Como ciudadanos de la UE debemos sentirnos especialmente concernidos por una catástrofe que tiene lugar en nuestro continente y siega la vida y los proyectos de europeos como nosotros. La Unión ha sido contundente en su reacción a la invasión a través del apoyo político, económico y militar a Ucrania, por un lado, y de las sanciones a la Federación Rusa, de otro. Correcto. Pero, al mismo tiempo, tiene que reflexionar profundamente sobre cuatro implicaciones de esta guerra para su presente y su futuro, evitando que la guerra cambie su naturaleza o su posición de fondo.

La primera implicación, sobre su identidad: la respuesta a esta guerra no debe modificar lo que representa la UE como proyecto de paz, alejada de convertirse en una potencia clásica que base su influencia internacional en el poderío militar. Tenemos que seguir siendo un poder global relevante por la capacidad de atracción de nuestro modelo -democracia y solidaridad- y nuestra colaboración política y económica de carácter abierto y universal, con una política exterior centrada en la prevención de conflictos y la gestión de crisis y un gasto en defensa suficiente y eficaz para garantizar nuestra seguridad. No somos una alianza militar.

La segunda, sobre su autonomía estratégica: la UE debe tener plena capacidad de decisión en todos sus ámbitos de competencia, estableciendo sus objetivos y los medios para alcanzarlos con independencia de criterio. Tener aliados y socios es imprescindible, pero siempre en pie de igualdad y teniendo antes que nada en cuenta los intereses de su ciudadanía y sus Estados miembro. La Unión es una realidad política y jurídica bien definida, en profundización y ampliación permanentes: confundirla con conceptos geopolíticos abstractos -sobre todo de cara a otros continentes- no es precisamente una buena idea.

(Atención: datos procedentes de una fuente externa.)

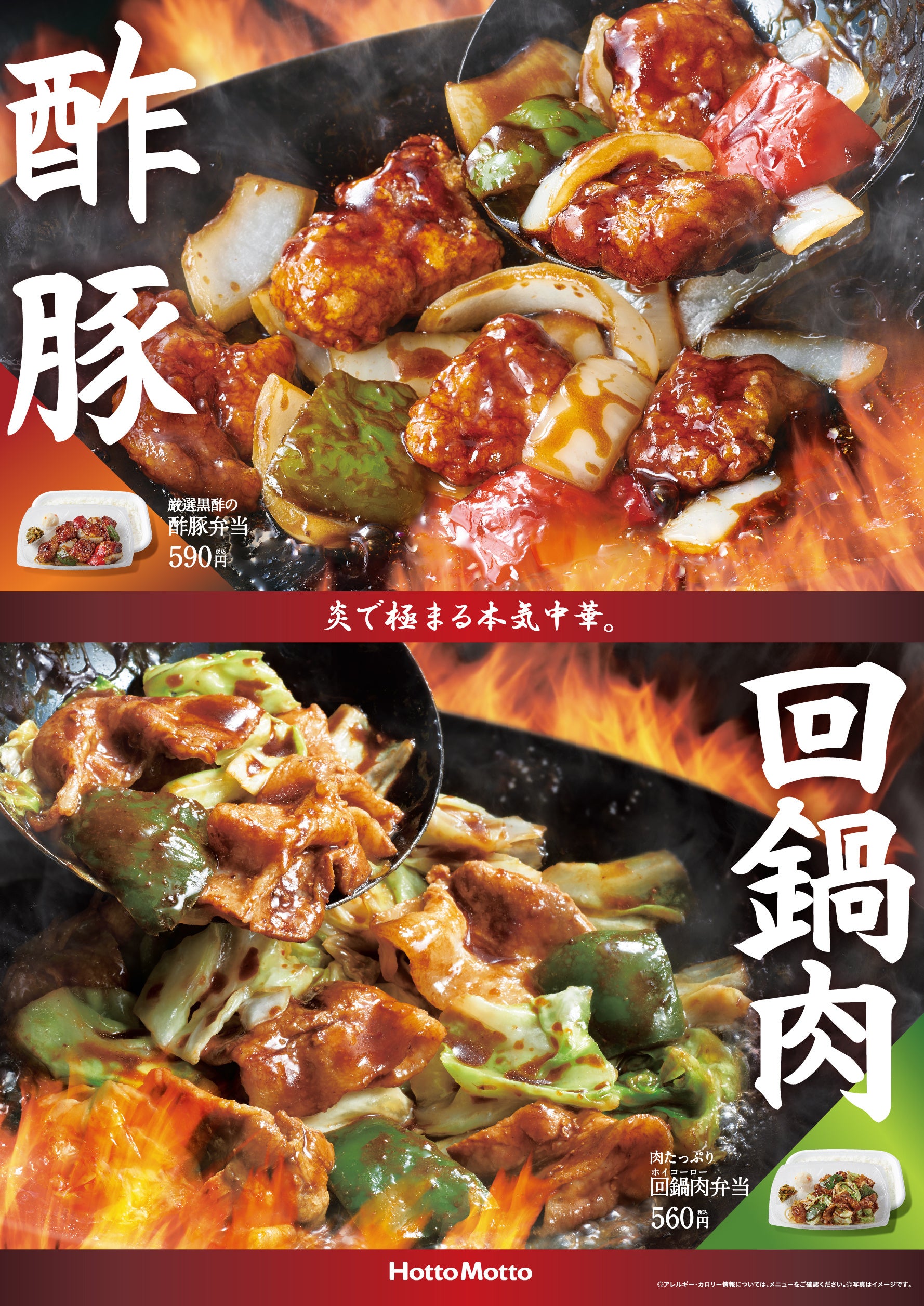 「ほっともっと」中華の定番人気メニューが今年も登場! 2種の黒酢をブレンドした、まろやかな酸味とコク『厳選黒酢の酢豚弁当』590円 “肉が主役”でボリューム満点!『肉たっぷり回鍋肉弁当』560円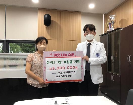 파주시 운정1·3동은 지난 18일 서울365외과의원에서 집중호우 피해 복구를 돕기 위한 성금 300만원을 기탁했다고 밝혔다.

La tercera, sobre la seguridad en Europa: construir un marco compartido por todos los países europeos, con vías efectivas de solución de diferencias y orientado al desarme -empezando por el nuclear y siguiendo por el convencional- es imprescindible. Conformar un esquema de seguridad dinámico desde el Atlántico a los Urales sigue siendo una tarea pendiente que la UE debería incluir entre sus prioridades. Apostar por uno excluyente sería un error impropio de la visión europea.

La cuarta, sobre su relación global: la UE es exactamente lo opuesto a lo que Europa representó para buena parte del mundo durante siglos, es decir, el colonialismo. Bien al contrario, debe ser percibida como una parte del Norte rico y desarrollado -esa es la realidad- empeñada en promover relaciones estables de respeto e igualdad con el resto del Planeta para la consecución de objetivos compartidos como el desarrollo sostenible y la lucha contra el cambio climático, a través del libre comercio y la cooperación. Considerar al Sur global como un socio y buscar la convergencia con sus legítimas aspiraciones es la opción europea. Ni la división del mundo en bloques -en una suerte de retorno a la Guerra Fría- ni el unilateralismo casan con la identidad de la UE.

Si somos capaces al tiempo de ayudar a Ucrania y de mantener nítidos los perfiles propios de la UE -que están en sus orígenes, su historia y, no lo olvidemos, sus Tratados-, habremos conseguido cumplir con nuestras obligaciones y dar una nefasta noticia a cuantos autócratas gobiernan en el mundo, empezando por el que ha provocado esta guerra: Vladímir Putin.